Combined, those proposals would save $72 billion over 10 years, although Clinton also proposed $7.5 billion in relief from budget law payment policies over 10 years.
Hospital groups warned that the modernization initiatives, particularly the establishment of Medicare PPO networks, could cut some hospitals out of the Medicare market.
"Giving government the ability to use the enormous economic power that Medicare has could disrupt healthcare in communities across the country, making the current market power of HMOs pale in comparison," Davidson said.
Thomas and Breaux also objected to the modernization initiatives.
Under the commission's plan, fee-for-service Medicare would have been forced to participate in the competitive pricing process.

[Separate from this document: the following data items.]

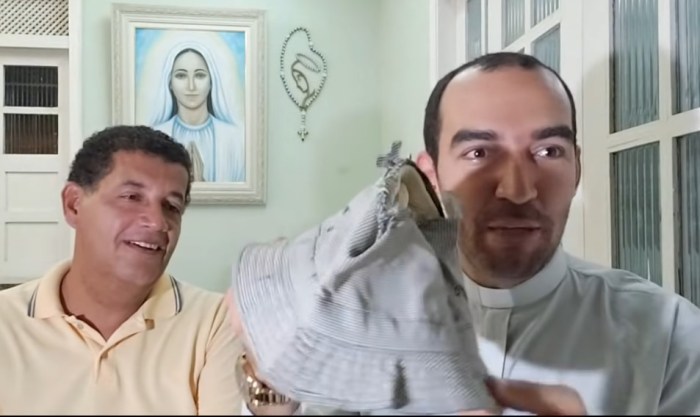 P. Gabriel: Si vede, io sono qui che lo maneggio con grande attenzione e tu invece lo stai strapazzando! Aggiungo che tante persone hanno indossato questo cappello e hanno ricevuto grazie e guarigioni dalla Madonna. Quindi è un cappello speciale, resterà custodito, non verrà esposto, ma resta nella storia di Anguera fino a che Dio lo permetterà.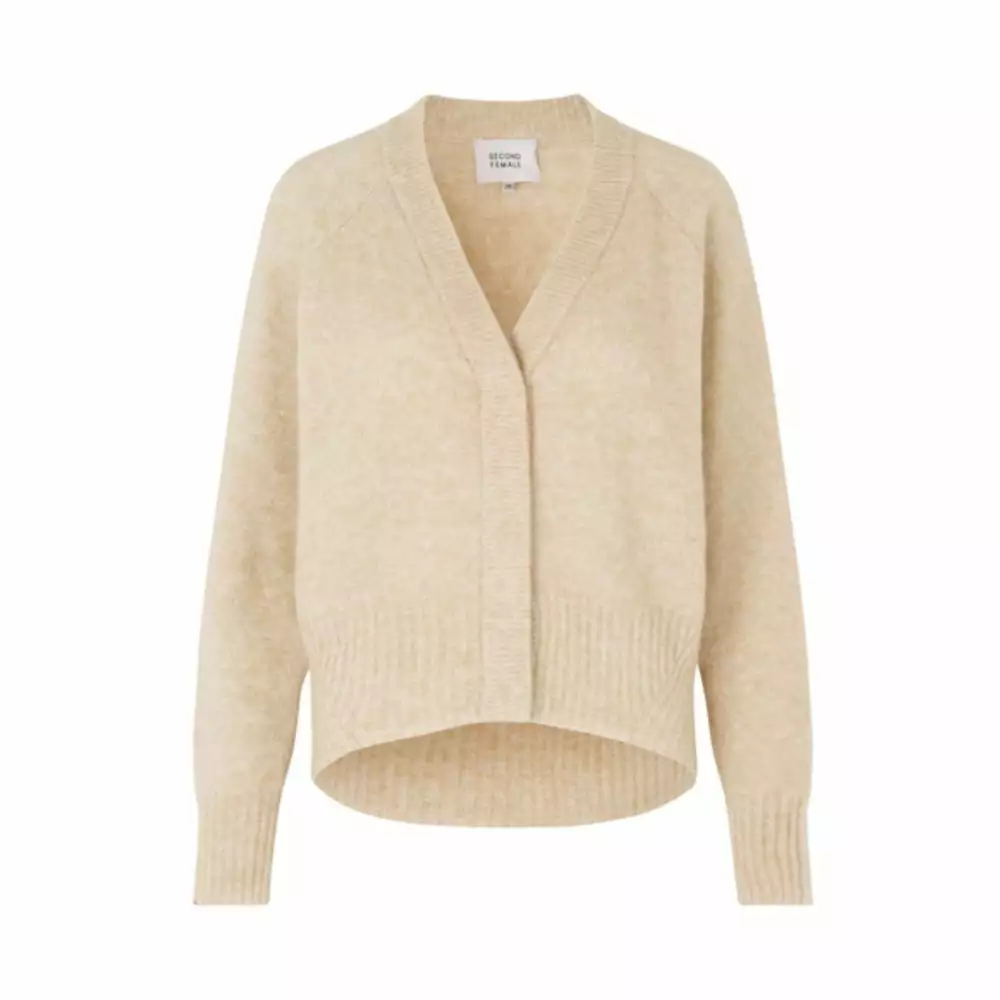Brook Knit Boxy Cardigan fra Second Female. Deilig og varm cardigan med boxy passform. Genseren har V-hals og vide ermer. Skjulte knapper i front. Perfekt å slenge over kjolen i sommer!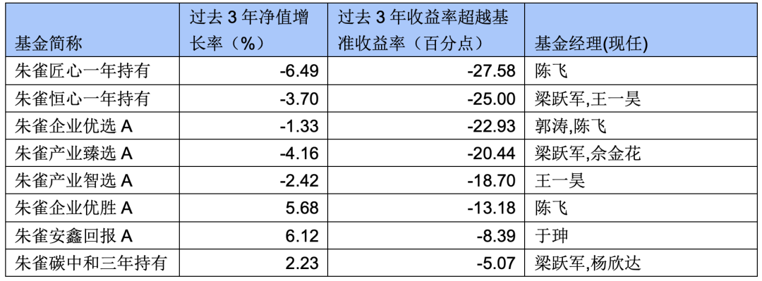 朱雀基金旗下8只产品3年期业绩跑输基准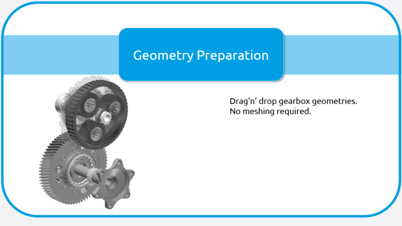 Whether it is automotive transmission, industrial gear systems, aerospace systems or gearboxes in wind turbines, simulating with PreonLab boosts the pace of gearbox development across several industries. Different aspects of gearboxes can be simulated and analyzed with PreonLab: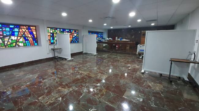 Además, han facilitado imágenes de la capilla y también de la cafetería del hospital con fecha de hoy para demostrar cómo se han habilitado con camas para pacientes no covid y que no se están utilizando porque aún no ha hecho falta.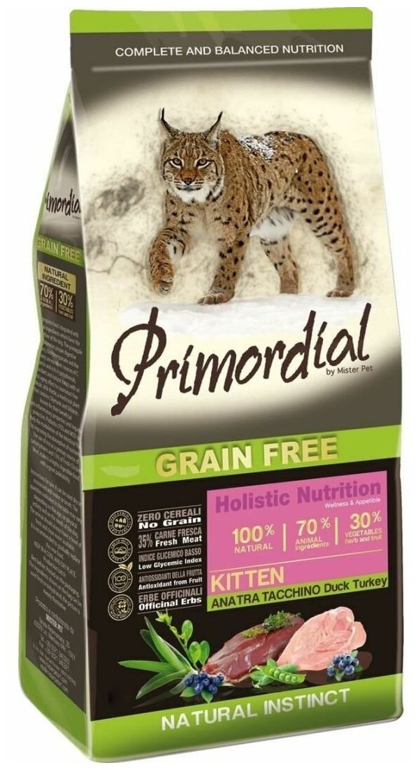 Сухой корм для котят Primordial беззерновой, с уткой, с индейкой 2 кг
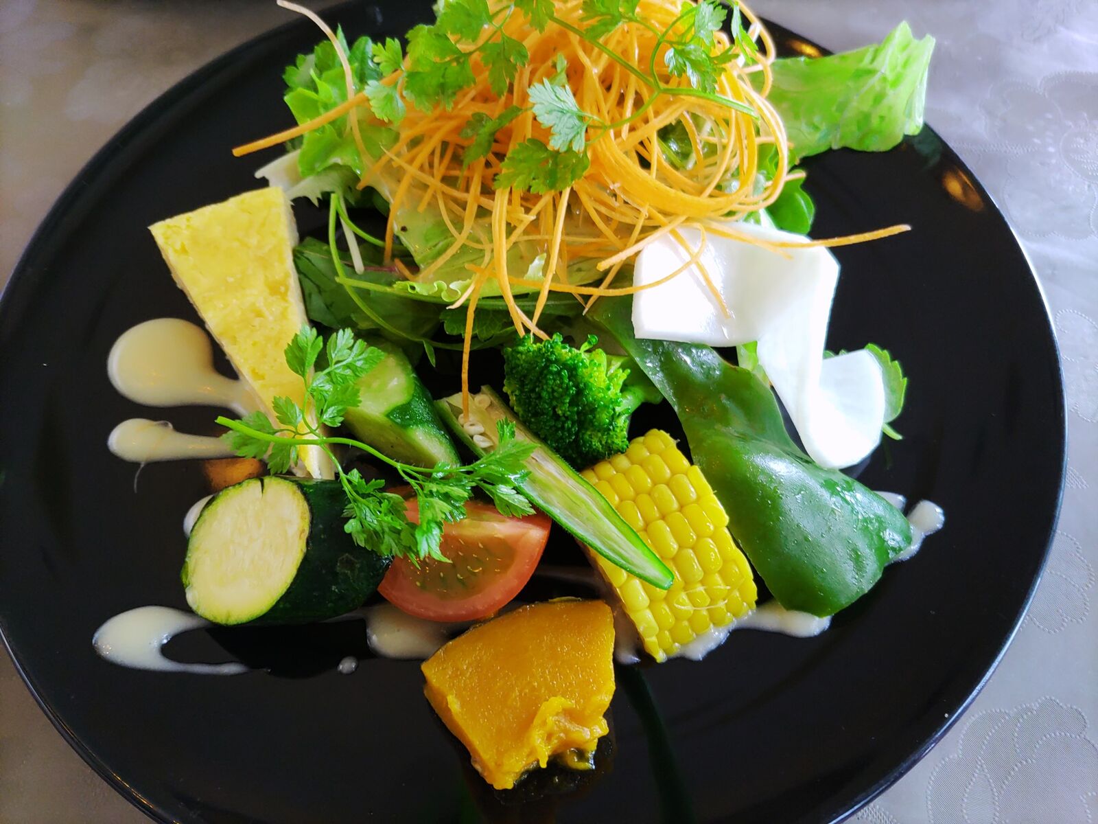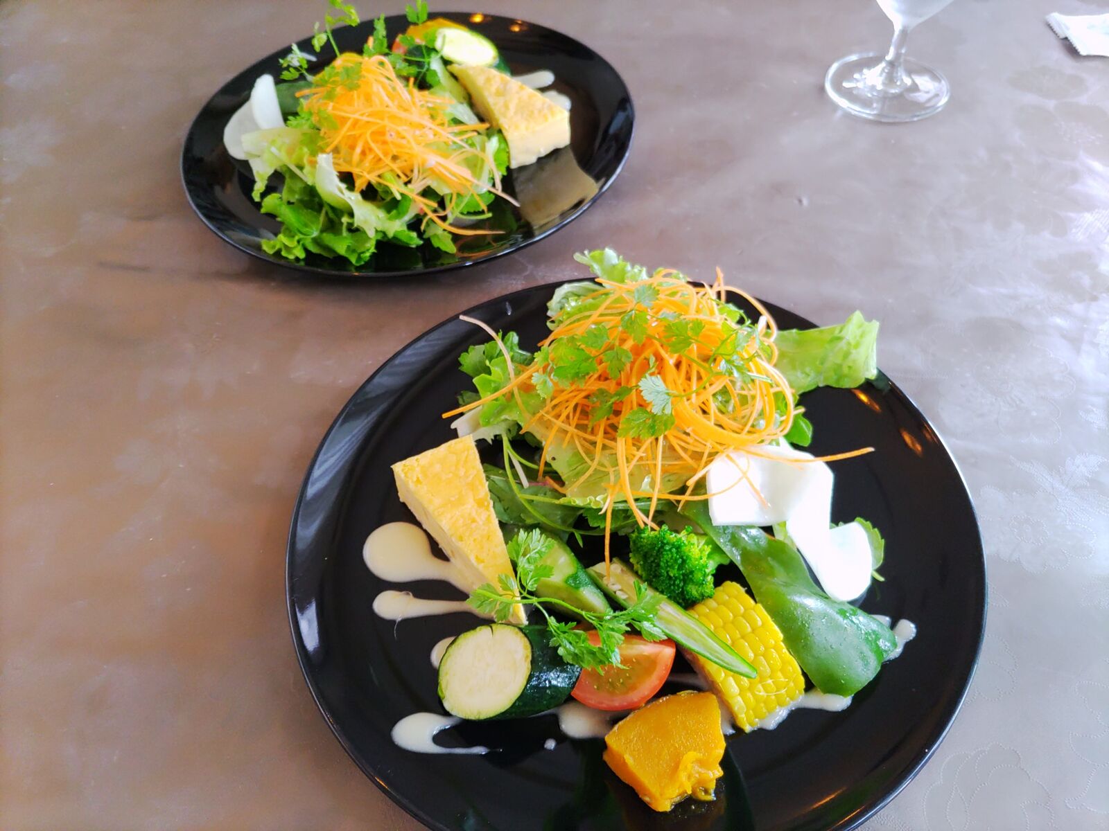 まずはいつもの新鮮な野菜具だくさんのサラダ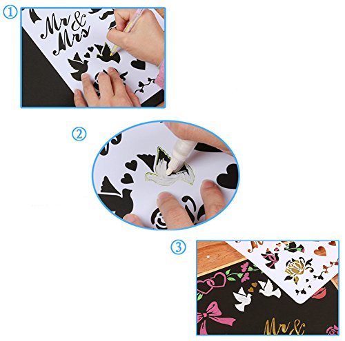 Creative hollow design, consist of figures, alphabet, geometry pattern, symbols, butterfly and rose shapes and so on,you will be fond of creating new amazing picture and have a good imagination and creativity.Due to item design and manufacturing reason, some of the stencils pattern maybe small, please use the fine pen to delineate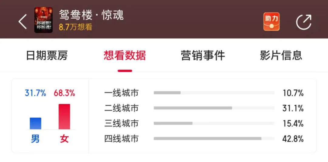 而想看数据也不会骗人,在猫眼专业版中,《鸳鸯楼·惊魂》三四线城市想看观众累计占比高达58.2%,下沉属性显著。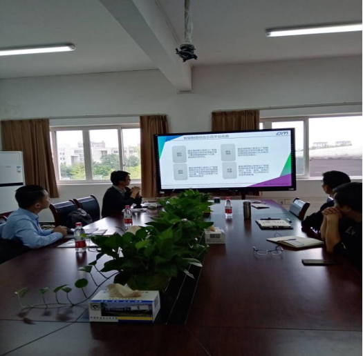 2019年9月18日上午,重庆清研理工智慧工厂设计研究院智能制造综合运营平台经理尹捷、运营平台销售工程师唐剑欣一行到访智能制造与汽车学院,进行校企合作项目洽谈。张进春院长代表学院党政表示热烈的欢迎。参加此次项目洽谈的还有我院副院长叶勇教授。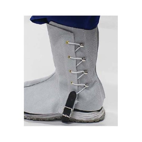 燃えにくく丈夫な床皮製。脛から足の甲まで防護します。ゴム紐止めタイプ |

"If you're going to compete, everybody needs to compete," Thomas said.
But Gene Sperling, Clinton's national economic adviser, said forcing the Medicare fee-for-service plan to bid competitively could make that option unaffordable for many seniors.
"Where the traditional plan was included, it was going to drive up the premium," Sperling said. "That meant many people would feel they had to go into managed care, not out of their choice or not because it was found more attractive, but because they felt financially they were being coerced."